With the introduction of any new intramedullary device, unique issues for removal arise. This nail can only be removed with a femoral osteotomy; but as the main reason for removal is increasing deformation, this is not an issue. The ridges in the nail have not proved to be problematic for removal as the bone surrounding them remain soft and fibrous and rigid bone ingrowth does not occur.
For the most severe cases, total hip arthroplasty is not an alternative. A prosthesis can only be inserted if there is a long enough healthy area of the femoral shaft so that a solid fixation of the prosthesis is possible. In a recent article with nine total hip replacements in fibrous dysplasia patients, most of them had monostotic disease with less extensive involvement of the femur.15 Correction of the femoral deformity is therefore the only option that offers the possibility to maintain or restore the walking ability of these patients. Eleven of our 12 patients had a significant improvement of their walking ability after the operation, most of them were able to walk without crutches. This has not only a major impact on the quality of life, but it also avoids the additional problem of osteoporosis. In conclusion, the retrograde intramedullary nail offers a possibility to correct severe deformations of the femur due to polyostotic fibrous dysplasia with good medium-term, and maybe even long-term, stability. The nail is custom-made by Synthes Switzerland and it takes approximately six weeks to produce it. The procedure has to be planned carefully. It therefore cannot be used in an emergency situation. The operation is technically demanding, requiring very careful handling of the extremely soft bone with the ability to manage significant blood loss that can occur in such cases.

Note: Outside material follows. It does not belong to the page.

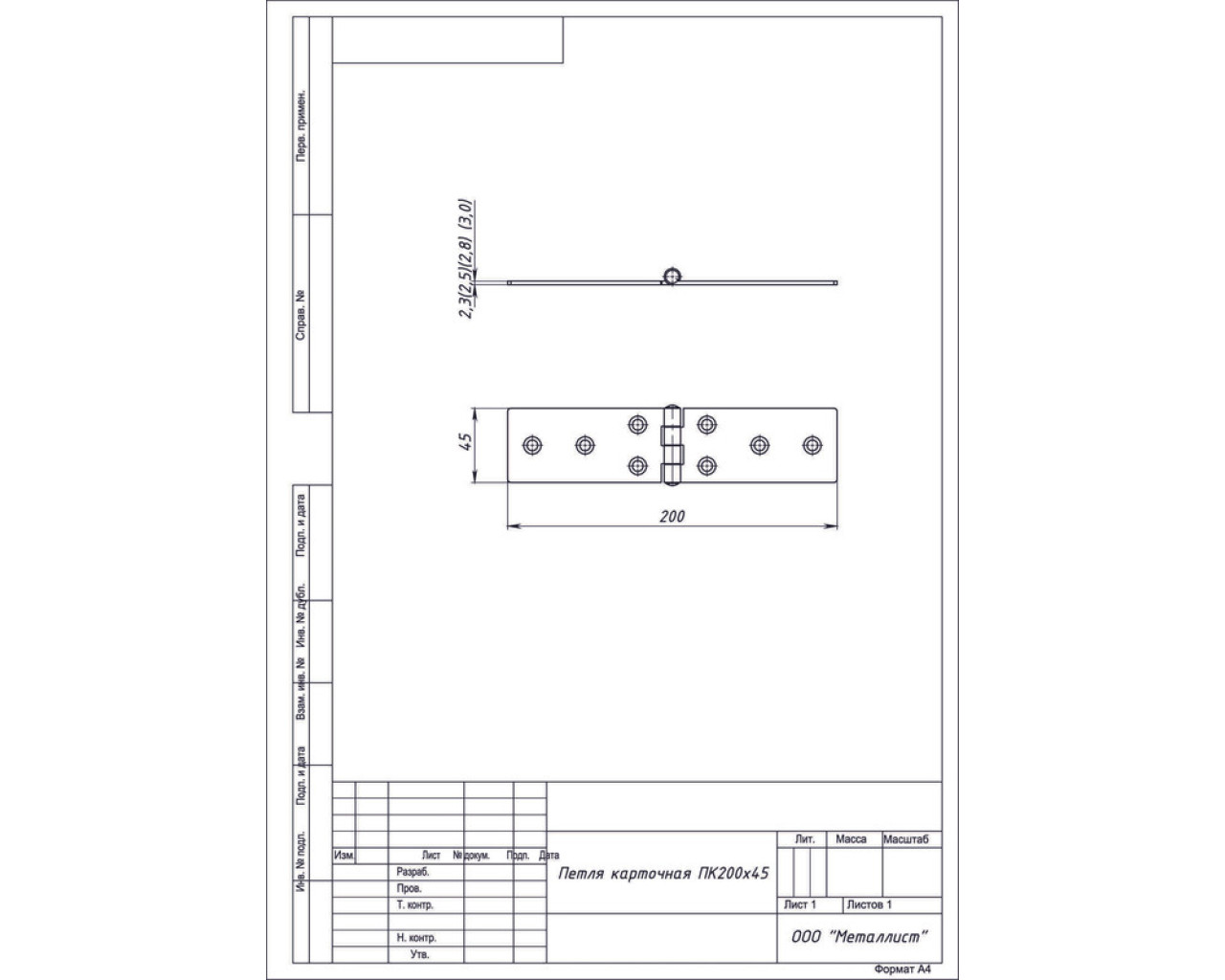 Петля карточная 200*45 2,3мм цинк 14620004503203

We thank the following people for their contributions to this study: Prof. Franz Grill and Ass. Prof. Rudi Ganger (Vienna, Austria), Dr. Chris Harris (Melbourne, Australia), Prof. Rudiger Krauspe (Dusseldorf Germany), Mrs. Daniela Peier (Basel Switzerland), Mr. Thomas Rickenbacher (Synthes GmbH Oberdorf, Switzerland), Dr. Roberto Sossai (Lucerne, Switzerland) and Dr. Falk Thielemann (Dresden, Germany).

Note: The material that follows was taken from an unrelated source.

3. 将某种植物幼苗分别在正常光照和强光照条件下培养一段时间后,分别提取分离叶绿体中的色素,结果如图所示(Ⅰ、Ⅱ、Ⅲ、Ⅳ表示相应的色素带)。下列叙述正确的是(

No benefits in any form have been received or will be received from a commercial party related directly or indirectly to the subject of this article.
All procedures performed in studies involving human participants were in accordance with the ethical standards of the institutional and national research committee and with the 1964 Helsinki declaration and its later amendments or comparable ethical standards. A formal approval of the local ethical committees in the cities where the authors are practising was attained. For this type of retrospective study a formal consent of the patients/parents is not required. This article does not contain any studies with animals performed by any of the authors.